Cuando el cuerpo humano necesita refrigerarse, su mejor recurso es sudar. Pero el sudor provoca la pérdida de sustancias vitales, los llamados electrolitos, de gran importancia en los procesos musculares. El cuerpo de Iván, que nada sabía de hornos o suegros locos, sudaba a mares, intentando restablecer el equilibrio. A sesenta grados en el exterior, el corazón bombeaba a ciento cuarenta pulsaciones y cada poro de su piel vomitaba sudor.

La primera consecuencia lógica es el golpe de calor, que habría postrado a Iván en el suelo, y lo habría matado. La adrenalina se encargó de impedirlo.

Pero nada evitó el primer calambre muscular, un golpe duro y seco en su pantorrilla izquierda que a punto estuvo de derribarle.

Iván gritó, incapaz de contener el sorprendente dolor, y se apoyó en el dintel. El calor atravesó su ropa, evaporando el sudor y provocándole un escalofrío paradójico. Su cerebro, o tal vez su alma, le envió una imagen de Marta, su chica. Una imagen de su increíble sonrisa.

Iván decidió que no iba a morir, y tiró con todas sus fuerzas de la chapa, sujeta por años de grasa y deformaciones térmicas al chasis del infernal horno.

Si Iván hubiese tirado hacia la derecha, hacia el interior del horno, habría muerto en quince segundos. La casualidad, un dios generoso o tal vez una decisión involuntaria de lo más profundo de su mente, hizo que tirase hacia el lado izquierdo cuando le quedaban doce segundos de vida.

Y la chapa, impulsada por toda la fuerza que da el terror a la muerte, impactó contra el plástico ignífugo que protegía la ventana del horno, atravesándola y arrancando una sección de casi un palmo de ancho.

El aire caliente salió en una rápida bocanada, impulsado por la diferencia de presión, mientras Iván, con cara de quien ha visto un ángel, se quedaba mirando el milagroso orificio.

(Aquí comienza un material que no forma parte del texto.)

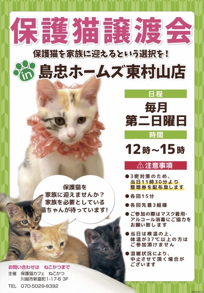 | イベント内容 | 毎月第二日曜日に、保護猫カフェ「ねこかつ」主催の譲渡会を開催しています。 子猫から成猫まで沢山の猫達が参加予定です。 【注意事項】 ・3密対策のため、当日11時30分より整理券を配布いたします。 ・各回先着3組様、15分間ご入場いただけます。 ・マスク着用、アルコール消毒のご協力をお願いいたします。 ・当日は検温の上、体温が37℃以上の方はご参加いただけません。 ⌒*。*゚*⌒*゚*。*⌒*。*゚*⌒* ゚*。*⌒*。*゚ 店舗には、ご寄付ボックスを常設していただいています。 こちらへ入れられたご支援品は、保護猫達の為に使わせていただきます。 何卒よろしくお願いいたします。 ⌒*。*゚*⌒*゚*。*⌒*。*゚*⌒* ゚*。*⌒*。*゚ たくさんの素敵なご縁がありますように♪ お問い合わせは下記まで♪ ーーーーー 保護猫カフェねこかつ Tel:070-5029-8392 ーーーーー |
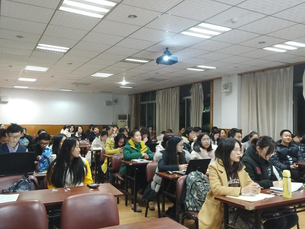 随后,赵慧颖围绕本学期团队建设、学期总结以及明年工作目标三个部分发表了讲话。她强调,加强团队建设是本学期的主要目标,无论是户外素质拓展还是“包饺子”活动,都是为了加强团学会成员间的凝聚力,让大家感受到归属感、融入感。同时,她对本学期迎新晚会、运动会等大型活动中各部门的辛勤工作表示肯定,但也对其中存在的问题进行了反思,强调“有反思才有总结”,希望大家总结经验,砥砺前行。杨璐也对各位的努力付出表达了感谢,同时寄语“所有的优秀都是苦行僧般的修行”表以鼓励,希望大家不忘初心,在新的一年里再接再厉。
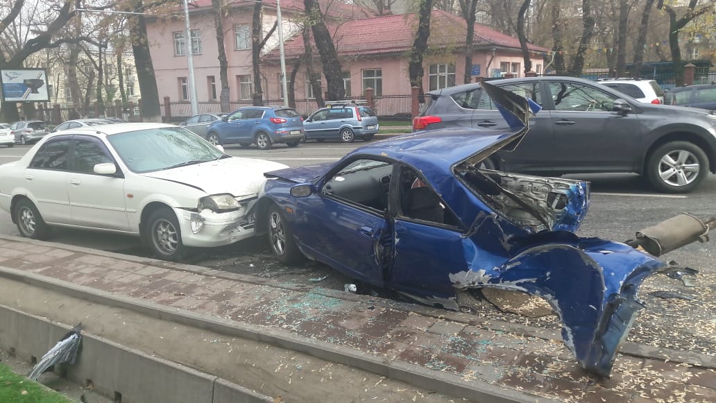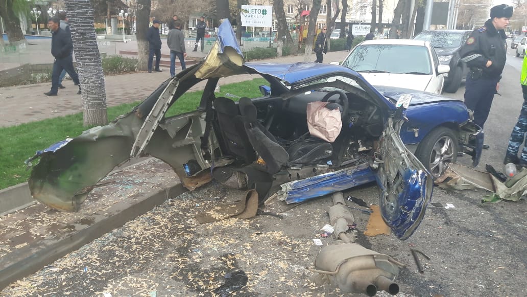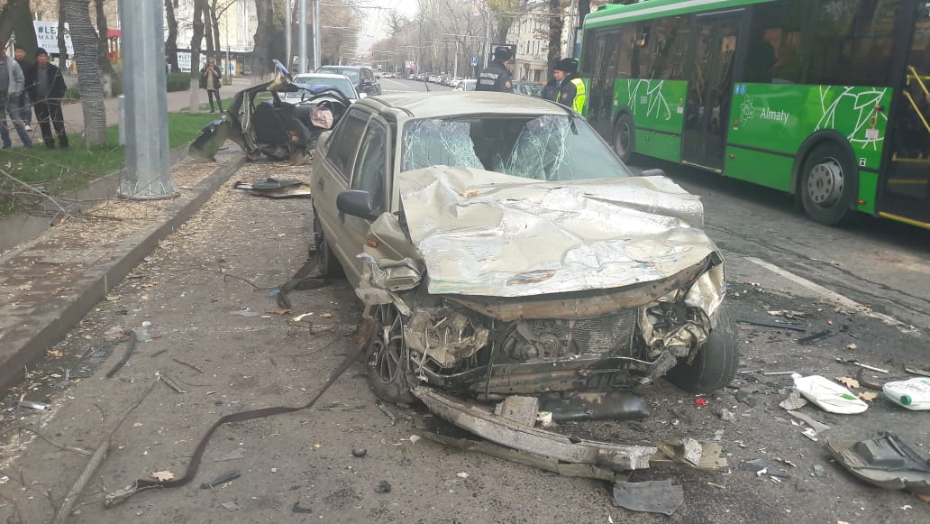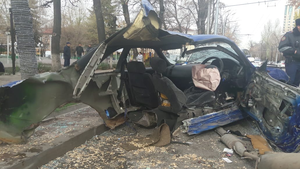 От удара машину разорвало на части: жуткое ДТП в центре Алматы

La risa brotó de su pecho. Una risa demasiado agónica, demasiado cercana a la histeria. Pero, al fin y al cabo, la risa de un hombre vivo.

Cuando dejó de reírse, una sonrisa de payaso tonto se quedó como tatuada en su piel reseca.

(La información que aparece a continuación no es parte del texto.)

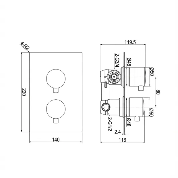 • 2 x outlets ideal for shower head + hand shower or body jets
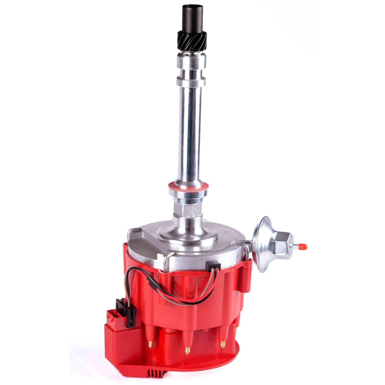 Fully CNC machined and polished housing with adjustable vacuum advance.  Each distributor has a 65,000 volt Super Coil and high performance 4 pin module to insure accurate and reliable timing to 7,500 RPM.  Has Accel style coil cover which acts as wire retention and helps dissipate heat away from the coil.  The 4340 Chrome moly gear will work with cast or billet cams.  Premium cap with brass terminals.  True spark alignment for instant throttle response.
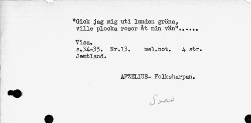 //// *Gick jag mig uti lunden gröna, //// ville plocka rosor åt min vän** + . + ..+ //// - //// . //// Visa. //// s.34-35. Nr.13. mel.not. 4 str. //// * //// Jemtland. //// AFKELIUS- Folksharpan. //// J ^^ ////
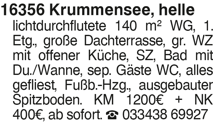16356 Krummensee, helle L 2-Zi.-Whg.,
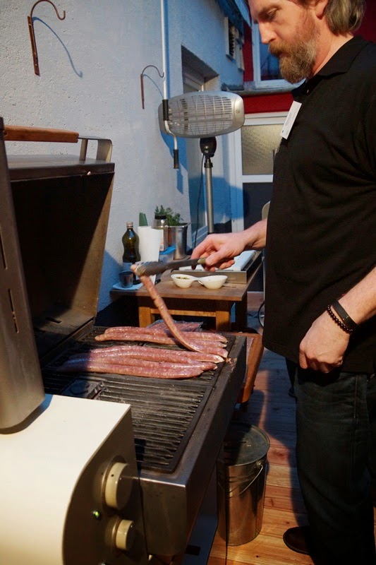 Was selbstverständlich bei so vielen Foodies unter einem Dach ist: es wird während der gesamten Zeit natürlich immer irgendwo gekocht, gebacken, gerillt oder gegart... Glücklicherweise geht ein Bar-Camp nur über zwei Tage, denn ansonsten könnte man mich als Michelin-Männchen hier durchs Haus kullern. Ich glaube, ich habe noch niemals so viel gegessen, genascht und probiert. Es gab großartige Sachen, wie Matcha-Brownies, Sous-Vide gegartes Fleisch, sensationelle Wildschwein-Bratwurst, hammermäßig leckeren gesmoketen Lachs, vegetarisches Eis, weltbeste Burger, geniale Currywurst mit Süßkartoffel-Pommes, diverse Pasta, Reisgerichte, Lakridshäppchen, Miso-Gerichte, Mug-Cakes, selbstgebackenes Brot, Salate, ach' es fehlte einfach an Nichts!!! Sogar das abendliche "Alkoholproblem" war Dank Marcus unkomplizierter Hilfe sehr schnell behoben :) Ich würde sagen, "Schlaraffenland" umschreibt das Ganze wohl am Besten!
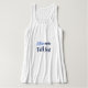 "Escute mais. Fale menos". Este topo do tanque tem uma citação atenciosa em azul e marinho escrita, baseada em um velho ditado russo. Estas são palavras para viver, um pouco de compaixão antiquada para nos ajudar num mundo moderno.
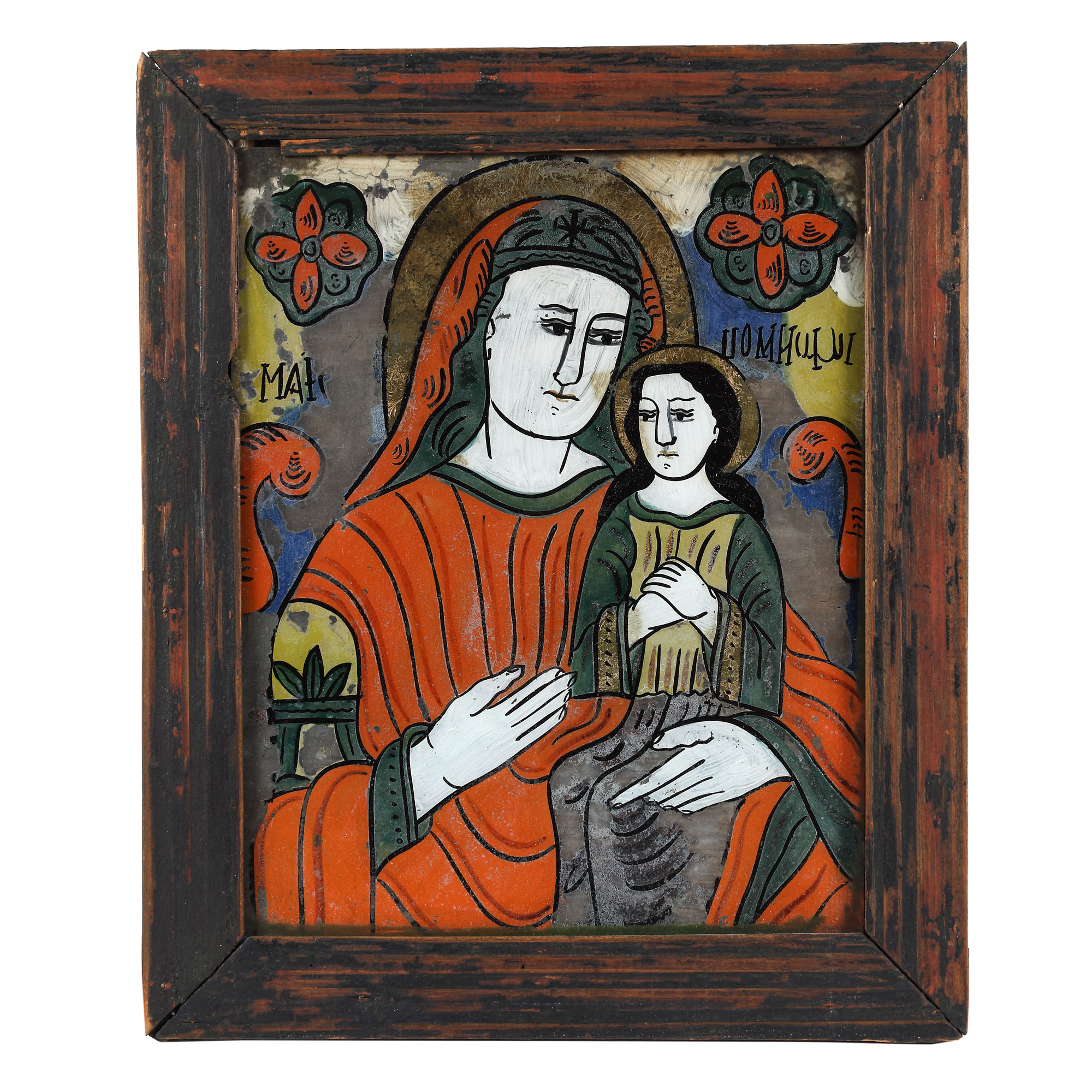 100. Icoană pe glajă, ”Maica Domnului cu Pruncul (Hodighitria)”, atelier din Nicula, a doua jumătate a sec. XIX, provine din colecția istorică Șerban Țuculescu-Maria Galaction
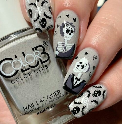 Grey-toned nails showcasing skeleton figures, skulls, bats, and tiny hearts for a dark romantic aesthetic.
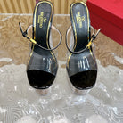 HIGH HEEL SANDAL 14CM IN BLACK CALFSKIN AND TRANSPARENT PVC
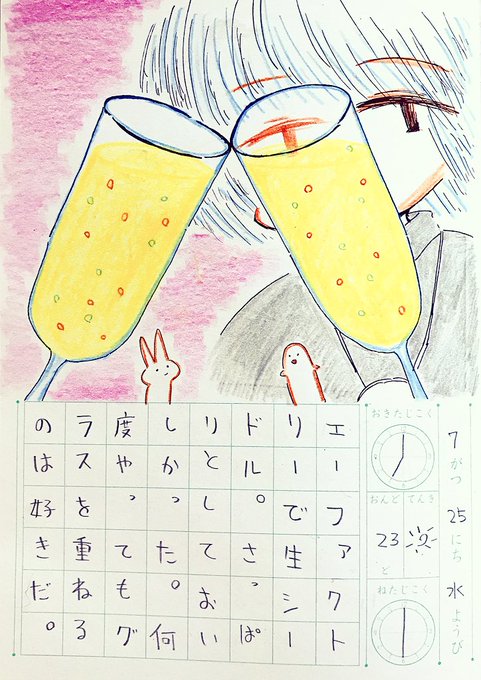 7/25,26,28,30 溜まった分の日記を買ったばかりの ガラスペンで描いた。 #みつき君 (s)

Lanzó la chapa al fondo del horno, y acabó de arrancar la ventana a martillazos. Después, y sin que la sonrisa estúpida abandonase su rostro enrojecido, sacó la mano y aferró el tirador que abría la puerta.

Sin soltar el martillo, Iván abandonó la sala y registró la fábrica en silencio. Mateo no aparecía por ninguna parte. Se asomó a una ventana y vio que el coche del viejo cabrón –un Volvo tan viejo y tan negro como su alma- había desaparecido del aparcamiento.

Entró en el vestuario y se metió en la ducha sin ni siquiera quitarse la ropa. Después, más aliviado y con su organismo ya en sus parámetros normales, bebió todo el agua que fue capaz de tragar y, llorando de alivio, llamó a la policía.